I didn’t have to look inside to know his body had been taken.

At one time, it would have been a hard decision. That morning, it wasn’t. I carried the empty coffin and lid out to the next available grave, lowered it in, and buried it. By the time Ebrooks and Kesey arrived with the first two corpse wagons of the day, I had Hitch’s coffin covered and had smoothed the mound over the woman I’d buried the night before.

“Looks like you got an early start on the day’s work,” Kesey observed.

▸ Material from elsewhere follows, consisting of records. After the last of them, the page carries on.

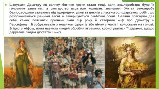 Про зміну сезонів складено чимало міфів, у греків – це міф про Деметру та Персефону. Деметра була богинею родючості, без її догляду нічого не могло рости й давати плоди. Богиня опікується врожаєм, вирощує дерева, квіти, плоди… Не випадково, її ще називають богинею землеробства. Від душевного стану богині Деметри залежать і врожай, і погода.
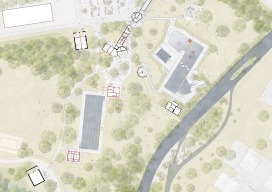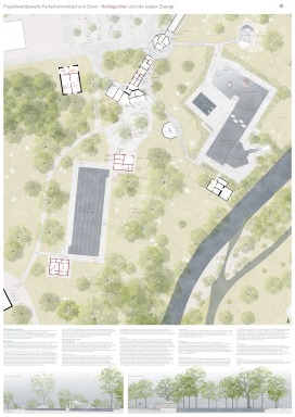 Auszug aus dem Projektbeschrieb Wettbewerb: ...das bestehende Bad bleibt erhalten und wird durch neue Elemente ergänzt. Herzstück ist der Eschenhain, der die besondere Atmosphäre eines Waldbades vermittelt. Neu hinzu kommen ein 50-Meter-Becken, das präzise zwischen Liegewiese und Eschenhain platziert ist, sowie ein Kinderbecken mit Düsen und Kanälen zum Spielen. Zwei neue Pavillons spannen das Schwimmbad auf und schaffen den Übergang zur Architektur. Wichtig war dabei ein behutsamer Umgang mit dem Bestand: das bestehende Bad, die Pavillons und der Eschenhain werden respektvoll eingebunden...
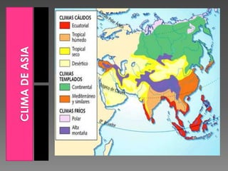 Asia es un gran continente situado en el este de Eurasia, con extensas llanuras en el norte, altas cordilleras en el centro y sur como el Himalaya y el Everest, y grandes penínsulas e islas en los océanos Índico y Pacífico. Presenta altas mesetas en el centro como el Tíbet, y una costa articulada con numerosas islas a lo largo del Pacífico, originadas por hundimientos continentales.
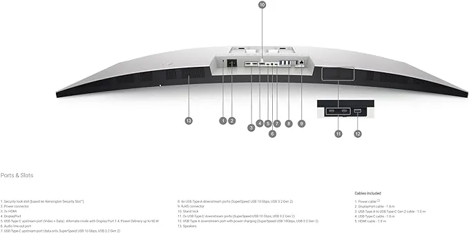 Experience no gaps in productivity One screen or two:Obtain seamless, multi-screen productivity with two 27" QHD partition capabilities complemented with exceptional color and contrast. Vibrant hues, sharp contrast IPS Black panel technology: Enjoy deeper blacks with the world's first 49-inch WQHD+ monitor with IPS Black panel technology that delivers exceptional contrast (2000:1) across a wide viewing angle. Equipped with 100% sRGB, 100% REC.709, 98% DCI-P3 and 98% Display P3 color coverage.Curved screen: Work comfortably with a curved screen that improves field of view andreduces reflection and eye fatigue.Enhanced eye comfort: ComfortView Plus is an always-on, built-in, low blue light screen that reduces potentially harmful blue light emissions without compromising color. Power your productivity Streamline your workflow: A single cable USB-C transmits data and video signals while delivering up to 90W of power.Fast and stable connection: Get up to 2.5GbE provided by RJ45 with PXE boot, Mac Address pass-thru and Wake on LAN features. RJ45 lock feature gives you the flexibility to lock the wired Ethernet to a chosen PC while continuing to work from dual PC inputs.Connect: A wide variety of devices are connectable with USB-A and USB-C Gen2 downstream quick-access ports that deliver speeds up to 10Gbps and DP1.4, HDMI and USB-C upstream ports. Starting is easy Quick connect: Conveniently located USB-C (up to 15W power) and USB-A ports make it easy to plug in external devices, and built-in dual 9W speakers saves you the hassle altogether.Dive right into your project: The built-in power sync feature wakes up and powers on your laptop. Power of two Internal Multi-Stream Transport (iMST): View your display across the full screen or split it into 2 x 27-inch QHD partitions with iMST. No external software or DisplayPort splitter needed.Multitask better: Connect to two PC sources and Auto KVM (keyboard, video, mouse) will seamlessly switch controls over to the second connected PC. Use KVM feature to control both PCs with a single keyboard and mouse. The KVM wizard makes setup a breeze. Set for comfort Work comfortably all day long by tilting, swiveling and adjusting your monitor height to however best fits you.
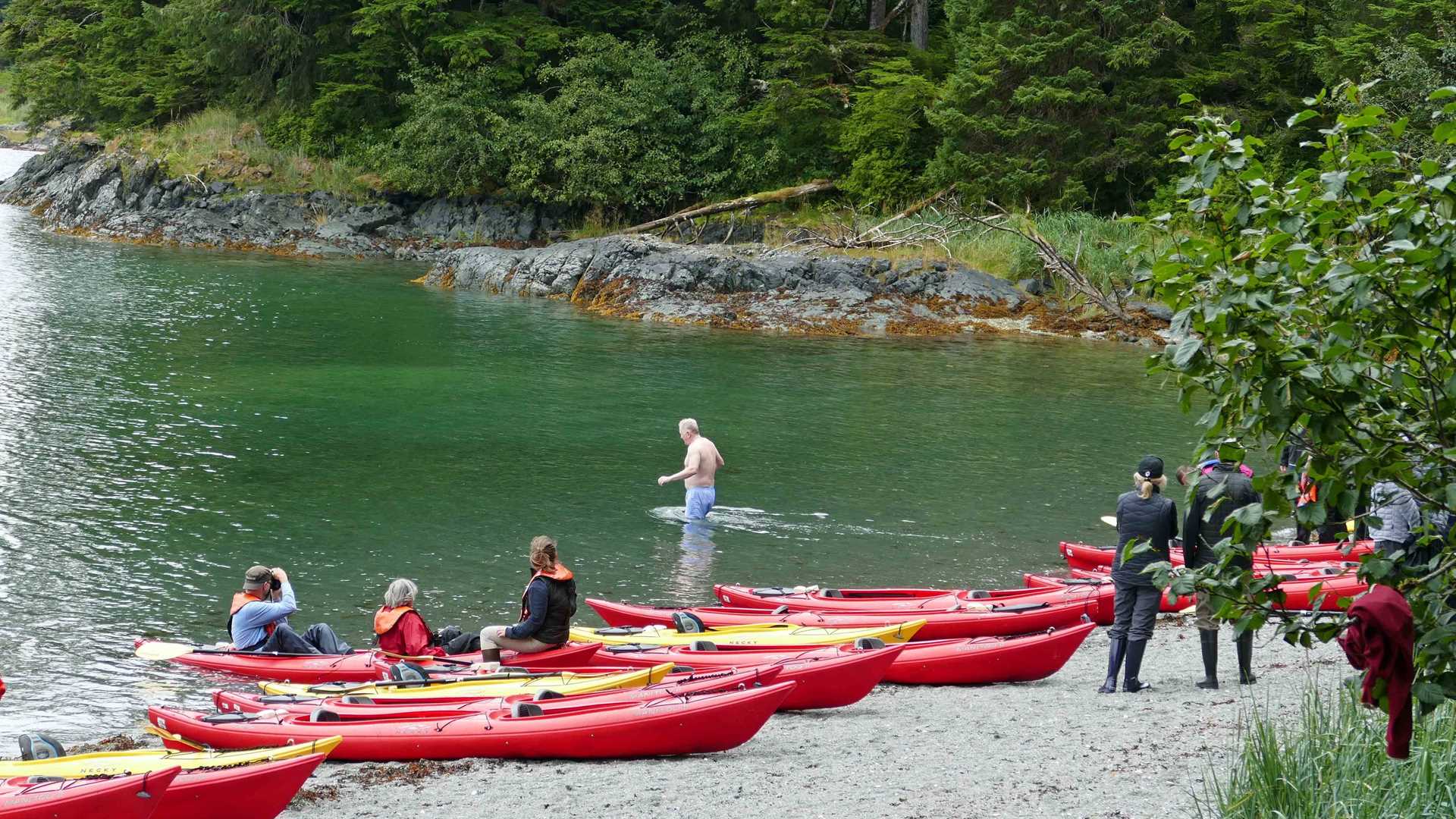 The unceasing delights of Southeast Alaska’s wilderness and wildlife continue to unfold around us every hour of every day. This morning, our hardworking crew festooned the shore with yellow and red kayaks and paddleboards, and we explored this stunning piece of old growth forest by land and sea. In the cascade below Lake Eva, the first group of hikers surprised a mother bear and her cub feeding on spawning salmon. Deeper into the forest, delectable bright yellow-orange chicken of the woods fungi spiraled up the trunks of decaying Sitka spruce trees. Spikes of coral root, a rose-colored orchid, and bright red bunchberries decorated the mosses on the sides of the trail. Kayakers paddled into the bay, a tide dependent estuary where harbor seals and bald eagles were in residence, hoping to catch (or steal) a meal of fresh salmon.
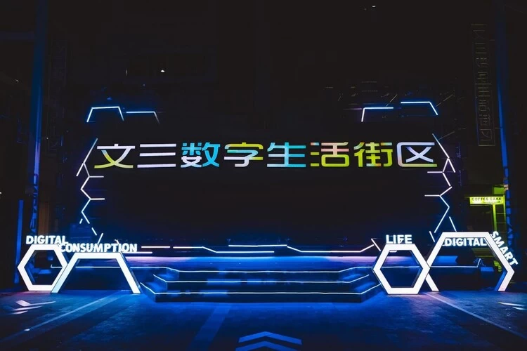 科幻般的全息星球、黑客帝国中的信息瀑布流、超次元的赛博数字人、斑斓霓虹的商店招牌……位于杭州市西湖区的黄金地段,杭州文三元宇宙AR数字生活街区,正在为消费者带来全新的城市空间体验。
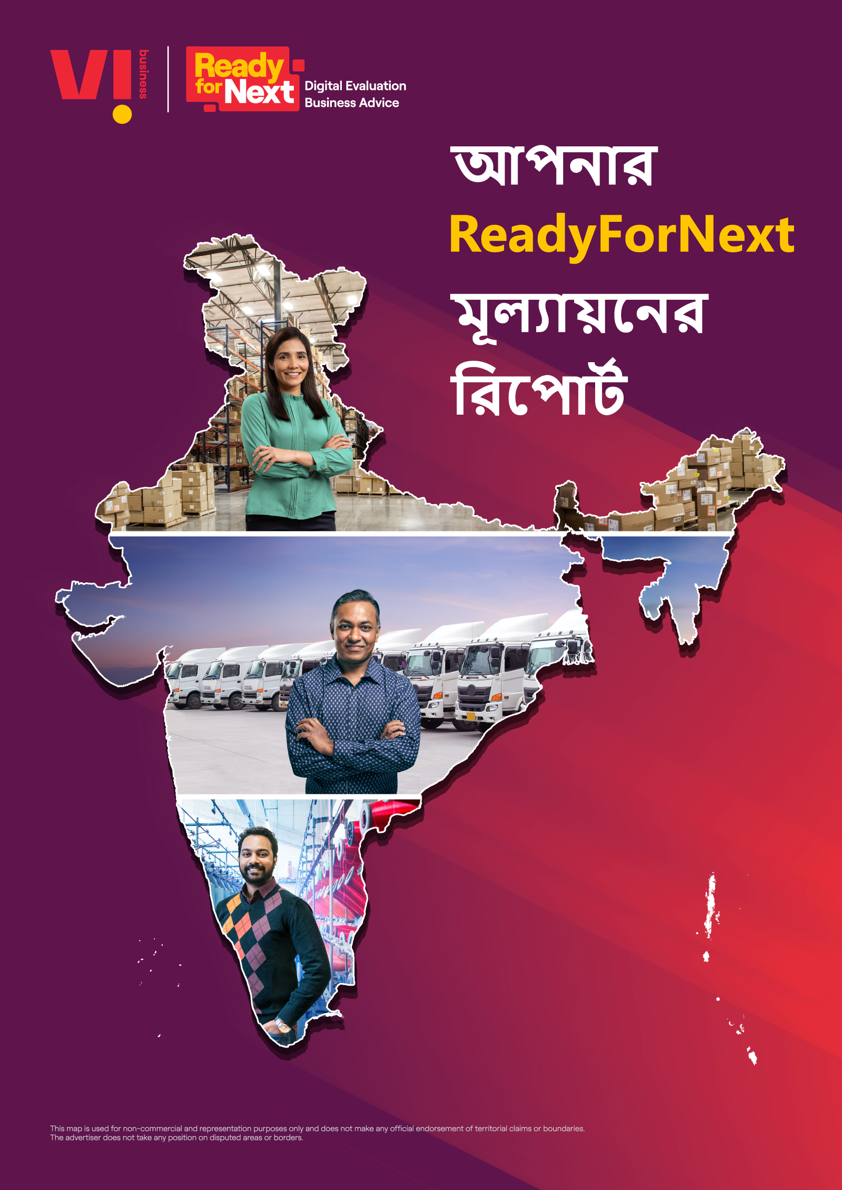 দাবিত্যাগ: যেসব উত্তরদাতা এই টুল ব্যবহার করছেন শুধু তাদের জন্য এই ReadyForNext স্কোর এবং Vi Business এর তৈরি করা একটি অভ্যন্তরীণ মডেল অনুসারে, Ready for Next মূল্যায়নের টুলে রেকর্ড করা উত্তরের ভিত্তিতে এর হিসাব করা হয়েছে। এই দলিল ব্যবহারকারী যে সিদ্ধান্ত নেবে সেসব ঐ ব্যবহারকারীর নিজস্ব ধারণার ভিত্তিতে নিতে হবে, এবং এই প্রকারের সিদ্ধান্তের জন্য Vodafone Idea Limited কোনওপ্রকারে দায়বদ্ধ থাকবে না।

“Looks like it,” I agreed.

CHAPTER THIRTY

THE APOLOGY

T he days creaked by on corpse-laden wagons. There was no respite from the parade of death that stopped at my door. Every morning I arose to bodies awaiting burial, and every evening I had to leave the dead in boxes outside my cabin. All day long, the tack-tack-tacking of the coffin makers was a steady counterpoint to the scrape of my shovel as I dug it into the earth. The bodies went from the wagons to coffins and quickly into the waiting graves. Whoever was in charge at Gettys sent us two more men to help cover the graves. The empty holes filled at an alarming rate.

The gallows humor of the first few days gave way to an unremitting gloom of spirit for all of us. We didn’t talk much. Most of my conversations were with Ebrooks and Kesey, and limited to the logistics of our tasks. How many coffins we had, how much wood was left, how many empty graves, how many coffins filled but unburied, how many bodies in the latest wagonload. I doggedly kept my tally of names, though often enough bodies came to the cemetery with little identification. Still, I logged them in as best I could: Old man, toothless, wearing worn cavalla trousers. Child, female, about five years old, blue dress, dark hair. Mother and infant, in nightwear, mother with red hair. The fourth day was hard for me. It seemed a day of dead children, and the little bodies looked lonely and abandoned, one to a coffin. Worst of all, mourners came that day, doggedly following the corpse wagons like hungry dogs hoping for a final bone. They watched us take the bodies from the cart and set them in the coffins, and their eyes seemed to blame me for taking their children from them. One mother, her eyes bright with fever, insisted that she must comb her little girl’s hair before I could put the lid on. What could I do but let her? She sat the child on her lap for that final grooming, and smoothed her hair and straightened the collar of her little nightshirt before tucking her into the coffin as if it were a truckle bed. Her husband took her away after that, but late that evening, on the final corpse cart of the day, she returned to us. I wished I could have buried her with her child. I kept dreading that I would recognize Amzil or one of her brood, but I was spared that.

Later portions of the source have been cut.